Management of DevSecOps Process: An Empirical Investigation

Abstract

Context: DevSecOps integrates security into the DevOps project lifecycle, uniting development, operations, and security practices. This integration, while beneficial for developing secure software, introduces complexity from a project management perspective. This study delves into this complexity by examining the ten knowledge areas of the Project Management Body of Knowledge (PMBOK) within the context of DevSecOps project management. Objective: This study aims to explore and understand the application of PMBOK's ten knowledge areas in managing DevSecOps projects, focusing on the guidelines that are important to consider in integration of security practices throughout the development lifecycle. Method: Our research approach involved two phases: Firstly, we developed a theoretical model grounded in DevSecOps guidelines identified from existing literature. Secondly, we conducted a quantitative survey targeting industry practitioners to gather insights into the practical application of the theoretical model. The study involved 138 responses from professionals, which were subsequently analyzed using correlation and Partial Least Squares (PLS) analysis to test the hypotheses posited in the theoretical model.
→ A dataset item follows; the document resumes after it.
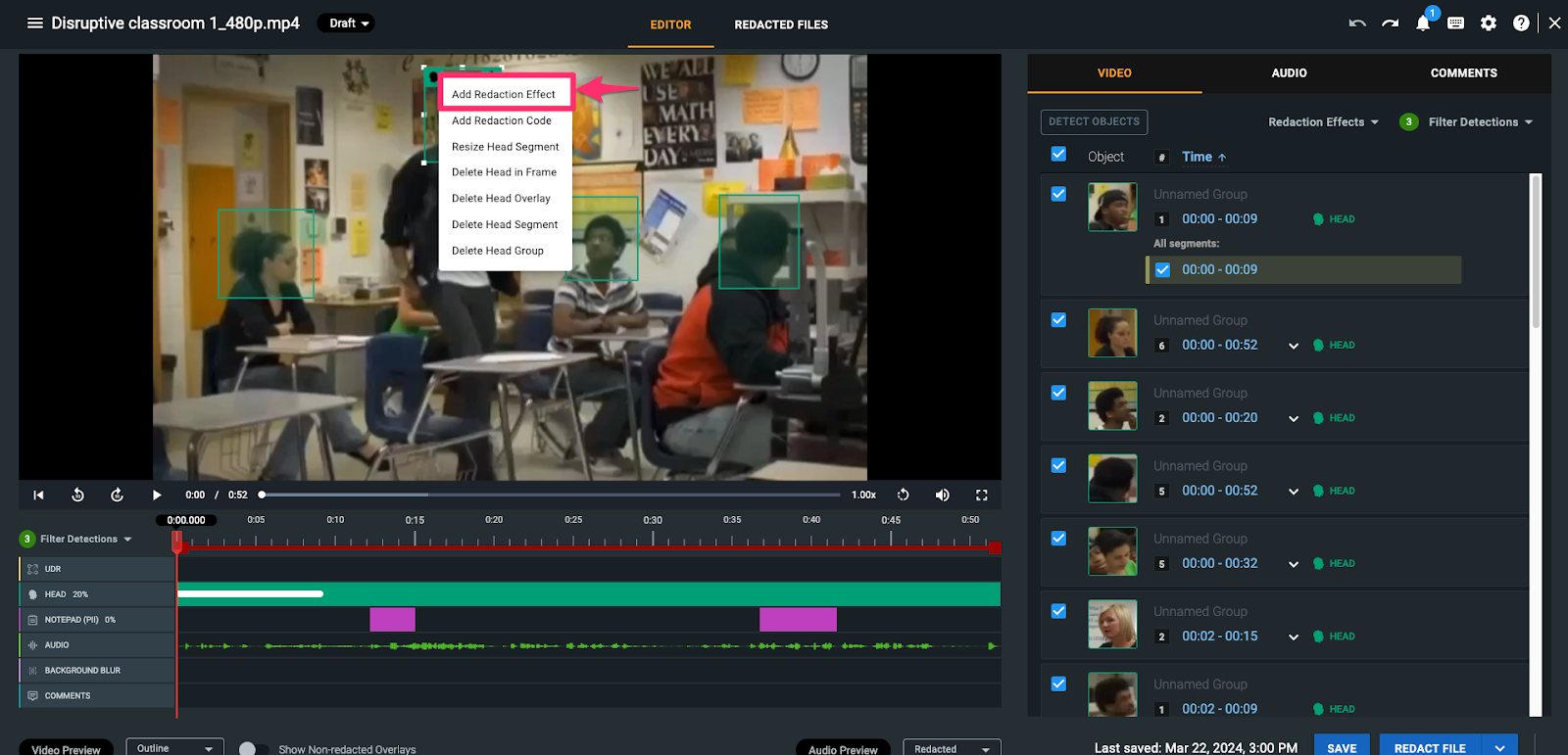 Inverse Blur allows you to redact an entire scene while highlighting one or more persons or objects of interest. This feature is ideal for situations where you must isolate a specific person or vehicle—for example, redacting bodycam footage in a hospital to blur everything except a specific suspect.

Results: The analysis reveals critical insights into the management of DevSecOps projects, highlighting the importance of adhering to specific guidelines to navigate the complexities introduced by the integration of security practices. The empirical data support the theoretical model, underscoring the relevance of PMBOK's knowledge areas in the successful management of DevSecOps projects. Conclusion: For organizations committed to the DevSecOps paradigm, it is imperative to consider and implement the identified guidelines. These guidelines not only support the sustainable integration of security practices into DevOps projects but also contribute to the overall success and security of the software developed under this paradigm.